Nota de prova Cor: Âmbar. Aroma: Essências florais, alperce, avelãs, mel, casca de laranja cristalizada e caramelo. Paladar: Muito frutado, crocante, um equilíbrio excecional, uma relação de açúcar/ácido fora do normal, macio, complexo e com alguma untuosidade. Final de Prova: Muito longo
Produtor José Maria da Fonseca
Solo Argilo-Calcário e arenoso
Sugestão de Acompanhamento Deve ser consumido como aperitivo.
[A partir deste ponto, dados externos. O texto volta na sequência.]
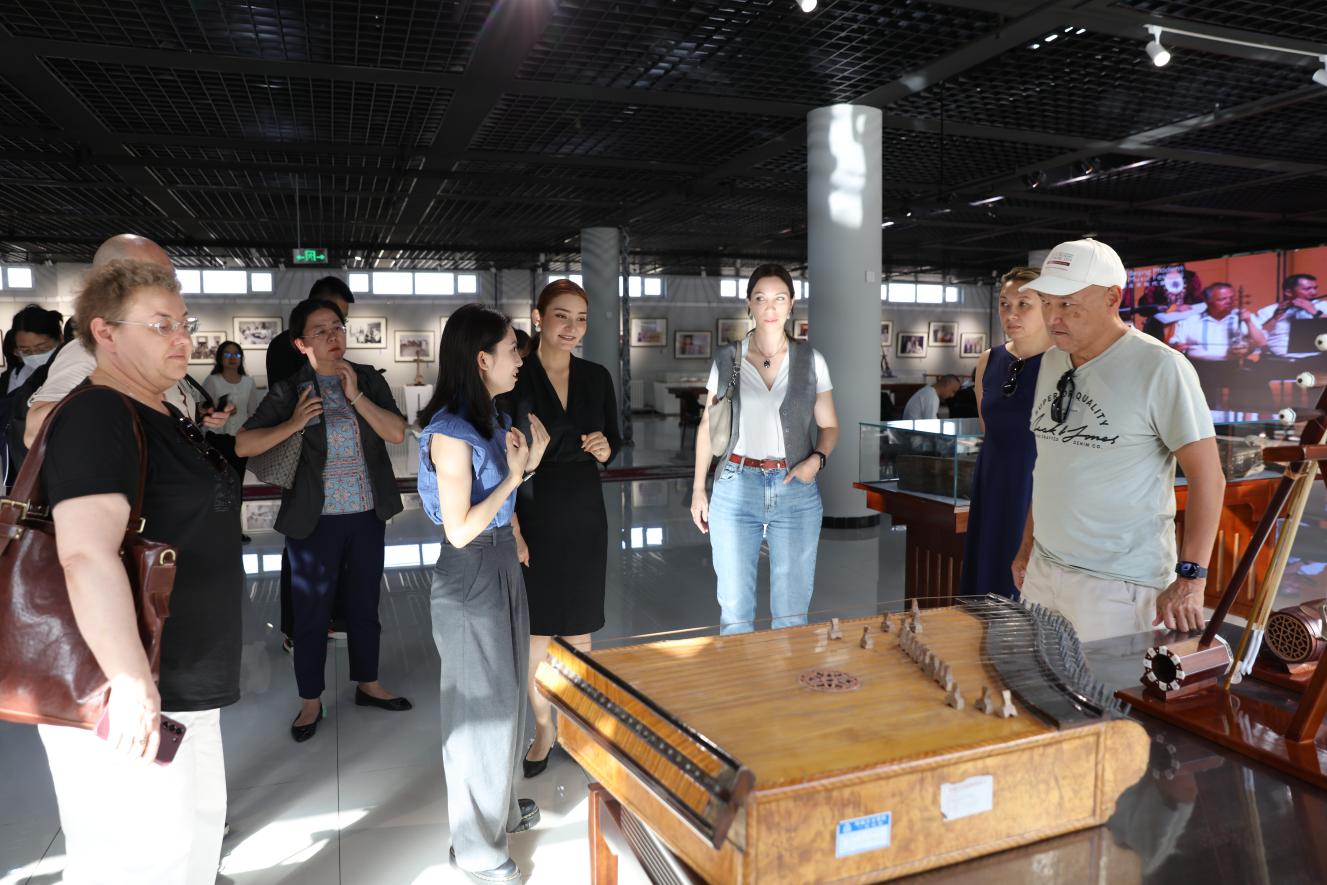 9月6日,哈萨克斯坦知名学者代表团一行来我校参观交流,期间参观了学校万桐书木卡姆文献馆、中华传统乐器馆等文化艺术场馆。

Vinificação Com base num vinho generoso Moscatel Roxo de Setúbal 2005 com 18% volume de álcool e com um açúcar residual de 244 g/l deu-se início a um trabalho árduo de enologia. Desalcoolizou-se o vinho para 5% vol. através da maquina australiana “Spinning Cone”, (uma destilação a baixa temperatura e em vácuo). De seguida procedeu-se a uma segunda fermentação em cuba fechada. Daqui resultou um vinho com 8,5% de álcool, 185 g/l açúcar residual, uma acidez de 4 g/l e um teor de CO2 de 3 atmosferas. Devido à grande viscosidade do vinho, a libertação de bolhas não é visível. No entanto, são percetíveis no paladar, dando o crocante, tão normal em vinhos espumantes. A viscosidade é de tal forma elevada que não é necessária uma rolha de espumante e que com um saca-rolhas normal é retirada com facilidade.
Estilo Espumante Licoroso
Região Península de Setúbal
Temperatura de Consumo Deve ser servido a uma temperatura de 16ºC.